- UMB Financial Corporation approached the company to learn about the use cases of crypto and stablecoins for its customer base
- New Visa survey found that 18% of survey participants say they would be likely or very likely to switch their primary bank to one that offers crypto-related products in the next 12 months
Visa is launching a crypto advisory practice as a way to help its clients and partners evaluate and pursue potential opportunities in the space.
The payments company on Wednesday announced the launch of the Visa Global Crypto Advisory Practice, an offering within its consulting and analytics unit.
The department was created for financial institutions who may be looking to attract or retain customers with crypto products, retailers looking to delve into NFTs or central banks exploring digital currencies, according to the firm.
Visa’s consultants intend to evaluate opportunities in the crypto space and develop plans for them to launch offerings such as crypto rewards programs and consumer wallets integrated with central bank digital currencies (CBDCs).
Hundreds of clients and partners — such as banks on the issuing and acquiring side, merchants, credit unions, fintechs and neo banks — have reached out to Visa to talk about crypto over the past year, according to the company.
About half of consumers who own cryptocurrency acquire it from crypto exchanges, a Visa spokesperson noted.
“But those crypto platforms are not just offering crypto services; they’re offering payment credentials that allow their customers to spend converted fiat, and in some cases savings or lending products as well,” the representative told Blockworks.
“It’s important for [financial institutions] to think beyond their own ecosystem and how they can add value, or help their customers better navigate the world of crypto.”
Visa works with hundreds of companies on crypto-related efforts, the spokesperson added.

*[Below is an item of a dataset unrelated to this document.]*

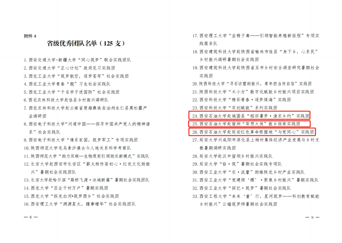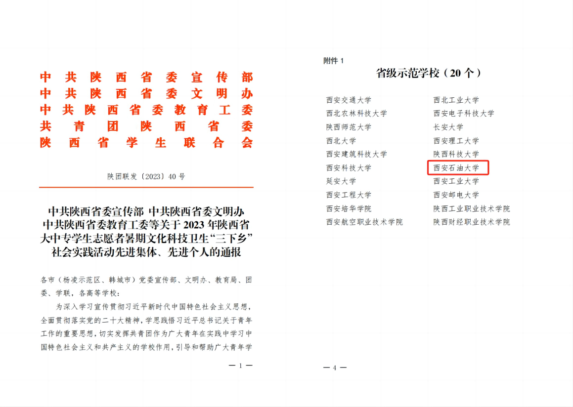 近日,由陕西省委宣传部、省委文明办、省委教育工委、团省委、省学联等单位联合组织开展的“2023年陕西省大中专学生志愿者暑期文化科技卫生‘三下乡’社会实践活动”评选表彰结果揭晓,bat365荣获2023年“三下乡”活动省级示范学校,地球科学与工程学院“赴城固县‘稻田暑梦·渔农乡约’实践团”、经济管理学院“赴宿州‘梨想大侠’振乡探索实践团”、石油工程学院赴“延安红色革命根据地‘与党同心’实践团”被评为省级优秀团队。王泽文、宋亚文、刘宇航被评为省级先进个人。经济管理学院《数商兴农背景下农村电商发展影响因素及优化策略调研报告》被评为省级优秀调研报告,并获团省委专项资助。

This includes crypto-native companies, such as Coinbase, FTX, BlockFi, Fold and Crypto.com; infrastructure companies such as Anchorage, Circle and ConsenSys; and now banks, processors and merchants.
Visa’s crypto advisors are collaborating with clients across all regions, including UMB Financial Corporation in the US.
“We came to Visa to learn more about crypto and stablecoins and the uses cases that are most relevant for our retail and commercial business lines as we serve our customers in the years ahead,” Uma Wilson, executive vice president, chief information and product officer at UMB Bank said in a statement. “[Visa Global Crypto Advisory Practice] helped us build a comprehensive and executable strategy — from product and partner selection to cross-functional considerations such as technology, finance, risk and compliance.”
A spokesperson declined to reveal other firms it is working with, or how many.
Growing crypto awareness
The advisory services launch comes as crypto continues to become more mainstream. About 94% of people with discretion over their household finances are aware of crypto, according to a new survey conducted by Visa.
Of those, 21% described themselves as active owners, while an additional 11% are passive owners. Sixty-two percent of the group that already owns or uses cryptocurrency say their use has increased in the past year.
“Crypto is moving from a niche asset class for a small community of investors to a broader market increasingly accessible for mainstream and new adopters,” the report states.
Globally, 18% of survey participants say they would be likely or very likely to switch their primary bank to one that offers crypto-related products in the next 12 months. This number was nearly 40% among crypto owners.
Visa’s new crypto advisory practice and survey follow a range of recent crypto efforts.
The company announced in July that it was partnering with 50 crypto platforms on card programs after it reported that consumers spent more than $1 billion worth of cryptocurrency on goods and services through Visa’s crypto-linked cards in the first half of 2021.
Visa also bought its first NFT in August and in September proposed a theoretical system that would connect different blockchain networks to allow central banks, businesses and consumers to transfer digital currencies.